Three Party Cooperation Agreement



Party A: GloablKey SharedMall Limited
  Director: Xue Yongke
Party B: Fan Zhang
  ID number:
  Telephone number:
Party C: 

Caixia Wang

  ID number:

Given that cross-border e-commerce meets the demand of the international market with its characteristics of small transactions, low cost, low risk, agility and flexibility, The strategic goal for 4.0 version of Chain Cloud Mall is to serve for cross-border e-commerce business. To rapidly implement cross-border e-commerce business, Party A, Party B and Party C agree to increase capital of Party A's wholly-owned subsidiary QR (HK) Limited and cooperatively operate business including cross-border electronic export platform, online games, network (WeChat) promotion system construction, etc. The three parties shall abide by the following agreement:

Article 1 Cooperation Content

Construction and operation of cross-border e-commerce (export) platform. Development and operation of online games (including in-game advertising in Chain Cloud Mall). Network promotion (including WeChat and domestic and foreign channels) system construction.

Article 2 Term of Cooperation

1. The Agreement shall remain valid from the date of execution for an indefinite time.

2. In case of force majeure, the cooperation shall be terminated after negotiation by parties.



Article 3 The total amount and methods of capital contribution

1. Total investment of the three parties to QR (HK) Limited is RMB 1 million, among which Party A contributes RMB 510,000 in cash, Party B contributes RMB 300,000 in cash, Party C contributes RMB 190,000 in cash.

2. Special note: Party A, Party B and Party C fully understand the current conditions and agree that Party A will advance RMB 300,000 for Party B in the form of loan, and Party B shall issue the receipt for a loan. The repayment shall be deducted from the dividends to Party B if the cooperation goes smoothly. If this Agreement is terminated by three parties, Party B shall reimburse Party A for its advance payment of RMB 300,000 within two years after the termination of the cooperation.

3. QR(HK)Limited’s total amount of shares is changed from 10,000 to 50,000, among which Party A owns 51%, Party B owns 30% and Party C owns 19%.

Article 4 Profit distribution and debt assumption

1. The profit referred to in this Agreement is the distributable net profit that income from matters of cooperation minus operating costs, salaries, rents, taxes, etc.
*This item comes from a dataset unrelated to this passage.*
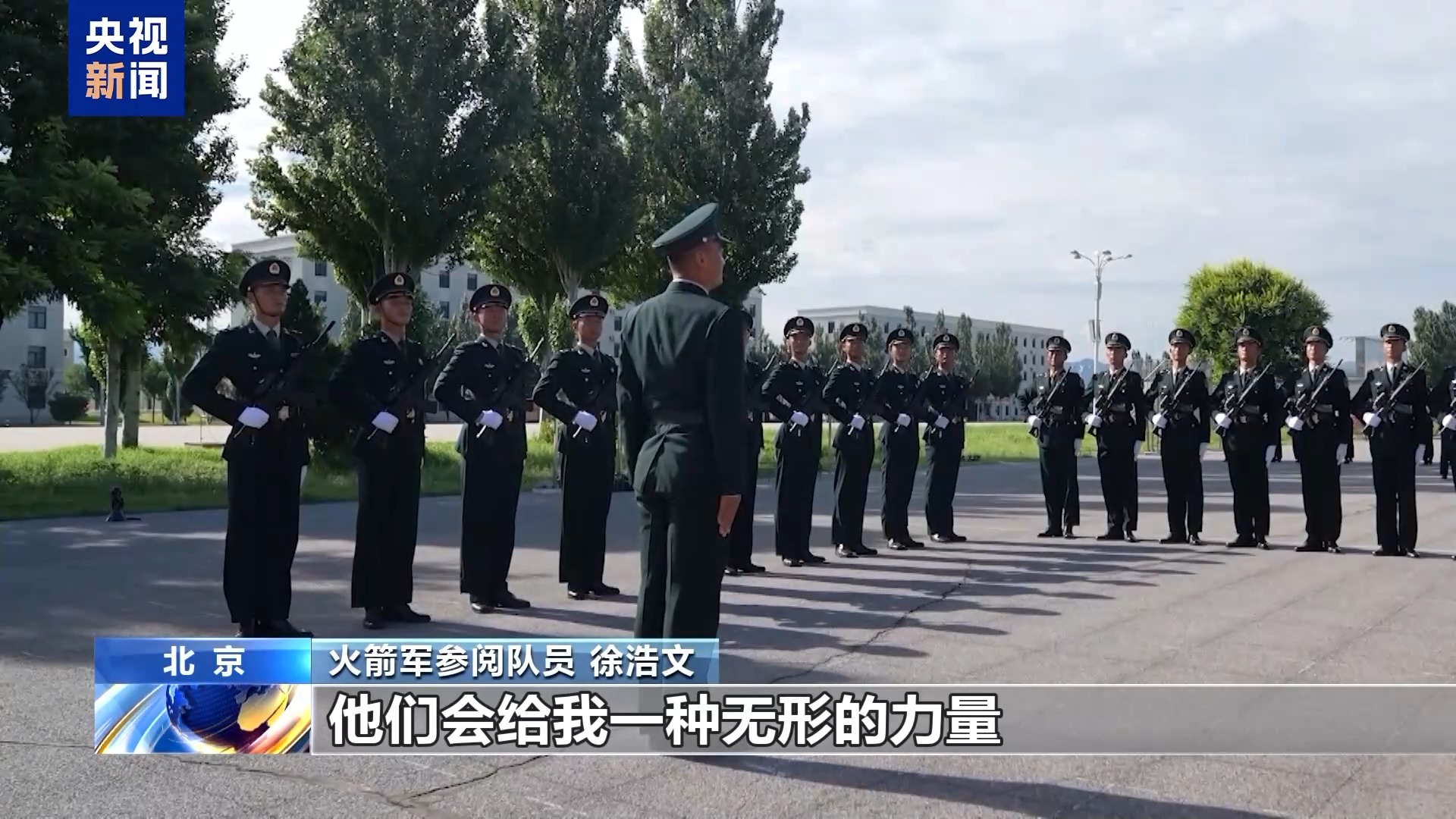 火箭军参阅部队 徐浩文:当收到了阅兵的通知之后,我第一时间想到了我的大爷爷和二爷爷,因为他们在抗日战争中和解放战争中牺牲了,所以我怀着一颗无比激动和敬畏的心,参加报名,专门在网上将他们的烈士证书打印了一份,时刻揣在自己的身上。大爷爷和二爷爷为了新中国的成立而牺牲了自己的生命,在训练当中,我总能感受到他们会给我一种无形的力量,在不断激励着我,让我以更加昂扬的姿态去完成这次任务。

The specific amount of profit shall be subject to financial accounting and shall comply with the provisions of the Company Law and Accounting Law.
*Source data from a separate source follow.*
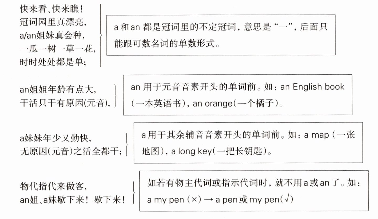 a和an是不定冠词,意为“一”,后接可数名词单数;an用于元音音素开头的单词前,a用于辅音音素开头的单词前;有物主代词或指示代词时不用a/an。
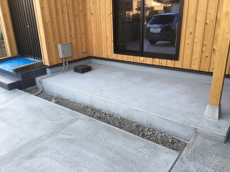 以前住んでいた家では外周部に雑草が生え手入れに苦労していたので、今回は僅かな植栽部分を残して全てコンクリートにしました。
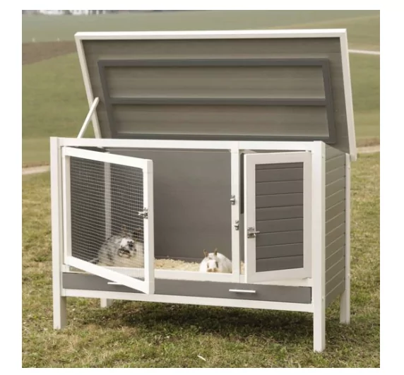 Dankzij de twee deuren die apart geopend kunnen worden, is dit konijnenhok niet alleen praktisch in gebruik voor de eigenaar, maar ook handig en fijn om in te wonen voor de dieren. Het hok is ook geschikt voor andere knaag- huisdieren zoals hamsters, gerbils of cavia's. De tunnel naar de rustruimte zal ervoor zorgen dat ze met plezier in dit huisje wonen! Dankzij de milieuvriendelijke productie, is het Kerbl knaagdierenhuis, gemaakt van gerecyclede materialen (60% kunstof en 40% hout), waterdicht. Ook biedt het goede isolering tegen slecht weer en zal het niet snel verweren. De materialen zijn snel en gemakkelijk schoon te maken, zonder vieze geurtjes vast te houden.
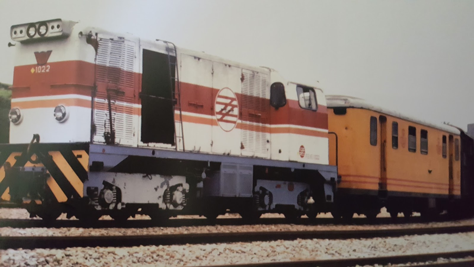 En este caso el tren postal es arrastrado por la 1022 con la librea de FEVE de los años 80 y algunas reformas (foto: Joan Acón) |

2. Proportion of profit distribution: Three parties shall distribute the profits of cooperation matters in accordance with the ratio of 51% for Party A, 30% for Party B and 19% for Party C.

3. The profits of Party A, Party B and Party C shall be settled periodically on an one year (365 days) period and the settlement date shall be April 30th of the following year.

4. Debt assumption: The debts shall be borne by parties in proportion of the capital contribution of each party and shall be subject to limited liabilities.

Article 5 Share transfer and withdrawal

1. Party B and Party C guarantee to cooperate. If Party A requires Party B and Party C to withdraw or transfer their shares, Party A, Party B and Party C shall negotiate additionally.

2. The three Parties shall fully cooperate and support the transfer of shares (e.g., the introduction of the fourth-party) which has agreed by the three Parties.

Article 6: Management and other rights

1. Party B is the person in charge of the cross-border e-commerce platform, and its authority is that be responsible for the operation of the cross-border e-commerce platform and enter into contracts, and be responsible for daily management of cross-border e-commerce platform. 



2. Authority of Party A

(1)Be responsible for financial management.
(2)Supervise the operation and management of Party B
(3)Directly or entrust a third party to audit and liquidate the cooperation matters
(4)Have veto power over major issues (business direction, business contracts and cooperation with third parties).
(5)All contracts for cooperation shall be signed only after the agreement of the three parties.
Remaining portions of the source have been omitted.